Most of us (and I really do mean most) have no right and no business being managers. We have no right and no business being leaders, at scale.
Most of us can barely put two socks of the same color on in the morning; and then we head to the office and are expected (and expect of ourselves) that we’re going to be able to deftly lead other people’s lives.
I find that deeply ironic and disturbing.
It’s taken years for me to reverse course from what I psychologically born into: That management was the only real and legitimate goal in your professional career and that you start as an Individual Contributor and/or SME (“Subject Matter Expert”) and then graduate.
The “graduation” part is what eventually tripped me up the most as I didn’t want to graduate from anything. I’ve been very happy to serve in the smaller ways, very happy and have found great fulfillment in keeping the “management” small.
And it took me a long time to learn that leadership doesn’t require management at all. In fact, leadership is entirely independent from management, especially the more obvious ones.
Now, when I meet folks who zealously desire management roles I almost immediately feel like they’ve disqualified themselves. They don’t fundamentally understand how ridiculously hard and difficult that is. And they probably haven’t been led very well or long-enough to know.
The answer to poor leadership and management in your own life isn’t to try to become one yourself. How will you lead when your only example is dysfunction? How will you manage if your only model is in gross deficit?

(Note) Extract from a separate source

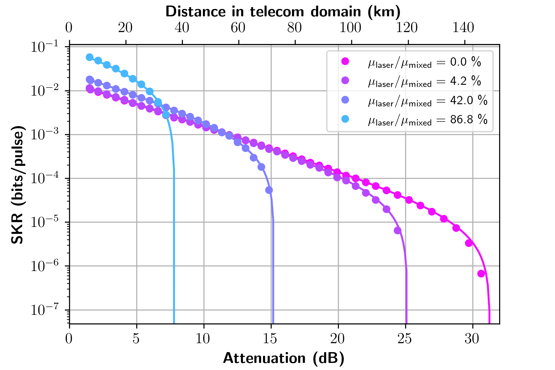 Distance scaling of the secret key rate obtained with different hybrid statistics. Secret key rate is the basic figure of merit for QKD protocols, indicating the amount of bits shared by Alice and Bob that can be used in a final key per unit of time.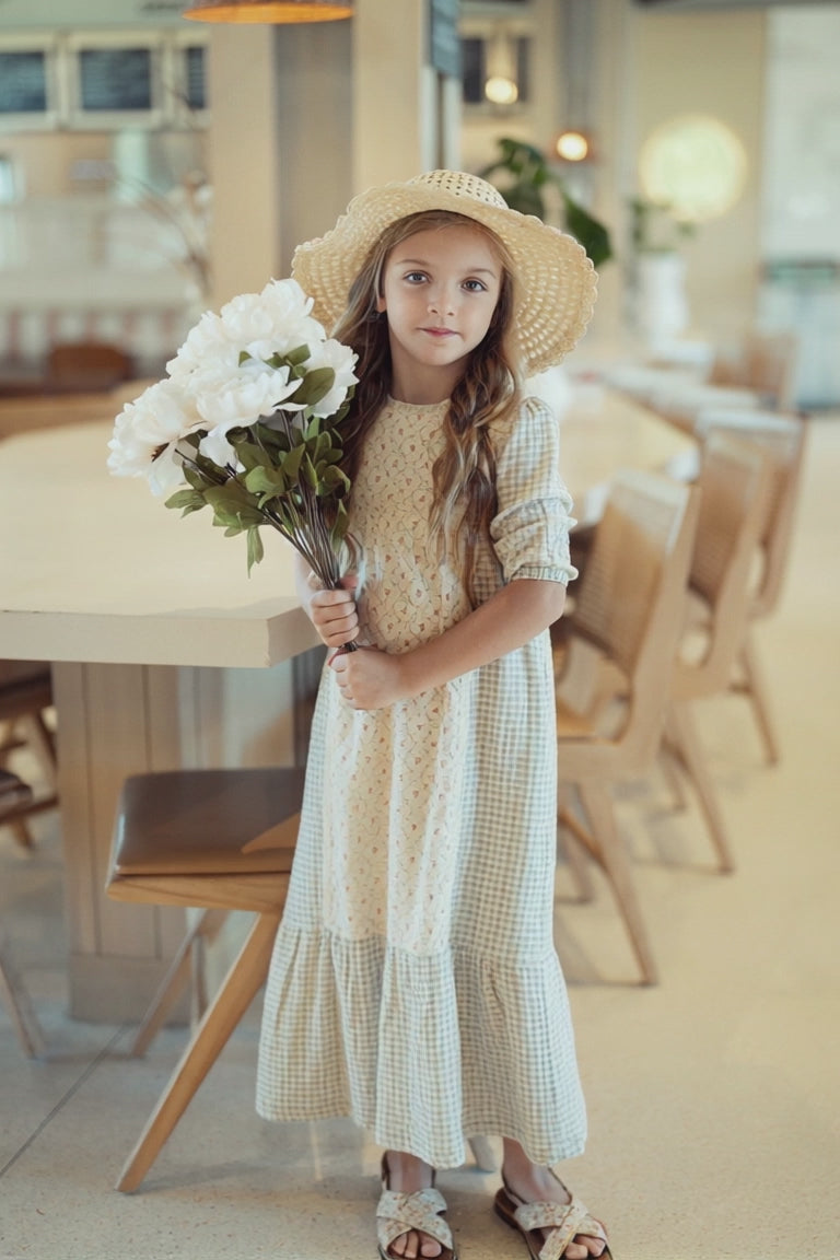 Introducing the Girls Plaid Maxi Dress with Lace Trim- a stunning piece featuring an intricate flower print woven l...

And, finally, there’s no ‘race’ here to the top. Those that are racing have gotten it so twisted they do themselves a grave disservice. We’ve become a society so focused on leading at scale as the ultimate test of professional success that we’re swamped with poor performance and very little to show for it.
Keep it simple. Stay humble. Let the leadership opportunities, and management especially, come organically… naturally. And they will, when the time is right.